Micro-Benchmarks can be used in addition to a profiler to find and fix problematic parts of your code. So, you can run a profiler to identify the problematic regions and then test those specific regions with micro-benchmarks.
Generally speaking, micro-benchmark frameworks (such as Caliper and JMH) are designed to prevent many of the common mistakes and make it easier to create meaningful benchmarks (as is described in the answer to this question). These are in many cases problems which don't occur in the same form when you're testing larger pieces of code; therefore it makes sense to keep micro-benchmarks small. (That's why they're called micro-benchmarks after all.)
Some things I've come up with are the following.
Measure:
- if you've found a bottleneck and you may have a better solution
- if you're comparing several technologies which can do the same job (e.g. xml parsers) and want to know which one is fastest before using them in your real code
- if you have nothing else to improve about your code
Don't measure:
- if the code has time wise unreliable outside dependencies (e.g. it talks over a network)
- if the measured piece of code won't be called very often (or if you're unsure) unless your application is REALLY time sensitive.
(= If you rarely run a piece of code, don't try optimize it. It probably won't be worth the time.)

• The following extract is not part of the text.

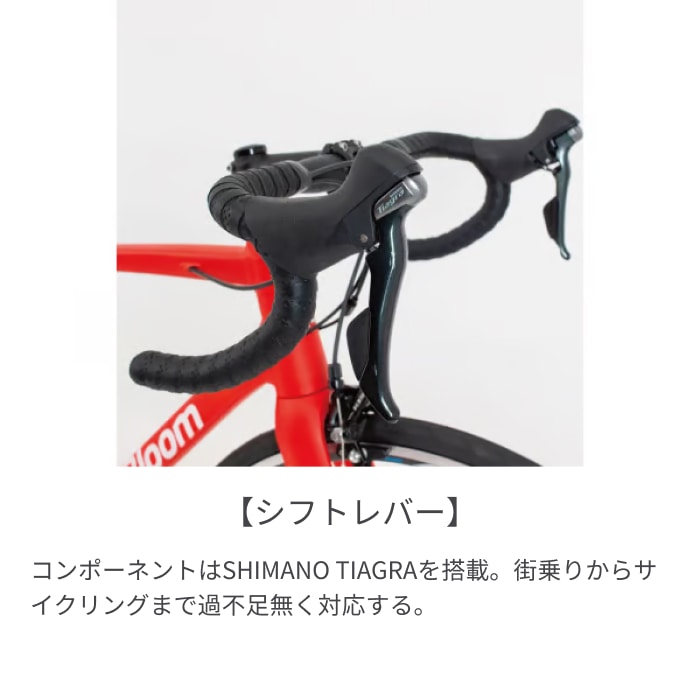 KhodaaBloom(コーダーブルーム)は日本の総合自転車メーカー「ホダカ株式会社」が2008年に立ち上げたスポーツバイクブランドです。ブランド名は、社名であるホダカ(Hodaka)のアナグラム(文字の入れ替え)です。「K」の文字をアタマにもってきたのは「希望」をもってこのブランドを展開しようという願いを込められています。後半のBloom は「華やぐ」という意味でスポーツバイクのある華やいだ生活を提供しようという想いを体現しています。FARNAシリーズは重量剛性比の高いアルミ合金を組み合わせたパイプにトリプルバテッド加工することでフレームを構成するパイプの軽量化を追求。また、手作業で溶接部の凹凸を研磨することで軽量性を追求しつつ、応力集中の原因となる溶接部の急激な肉厚の変化を除去。「軽さ」と「強度」を両立したフレームを実現しています。パーツ構成はブレーキからホイールに至るまでシマノ製パーツで統一されコンポーネントはTiagraを搭載。ブレーキのみ上位グレードのシマノ105を採用し確かな制動力とスピードコントロールもしやすくなっています。
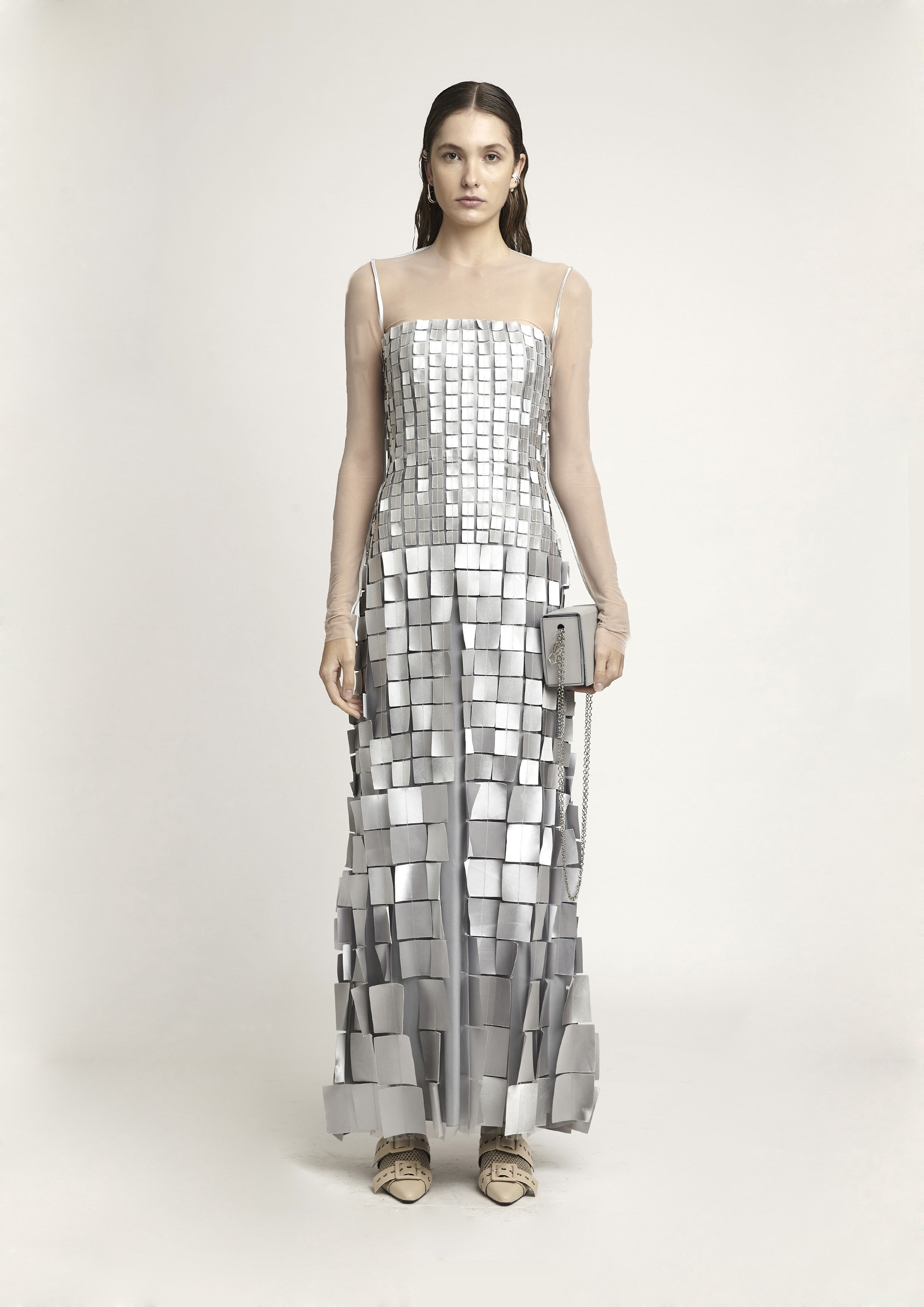 O Vestido com Aplicações em Quadrado possui um modelo tomara que caia, confeccionado em poliamida de alta qualidade que proporciona um caimento perfeito. As aplicações em quadrado de diferentes tamanho adicionam originalidade e sofisticação. Ideal para ocasiões especiais, este vestido destaca sua silhueta de forma elegante, garantindo um visual moderno e elegante.

- if the operation will take longer than a few milliseconds to complete
- just because your boss, manager or someone else who is in charge thinks that it's a good idea to do so
Also, while some people run micro-benchmarks regularly (as you would run unit tests), since I use them only to analyze problems I already know about (thanks to the profiler), these benchmarks are not something I'll need to run very often. There may be situations in which this would make sense (and if you know of one, please comment!) but that would probably be a totally different way of using such tools.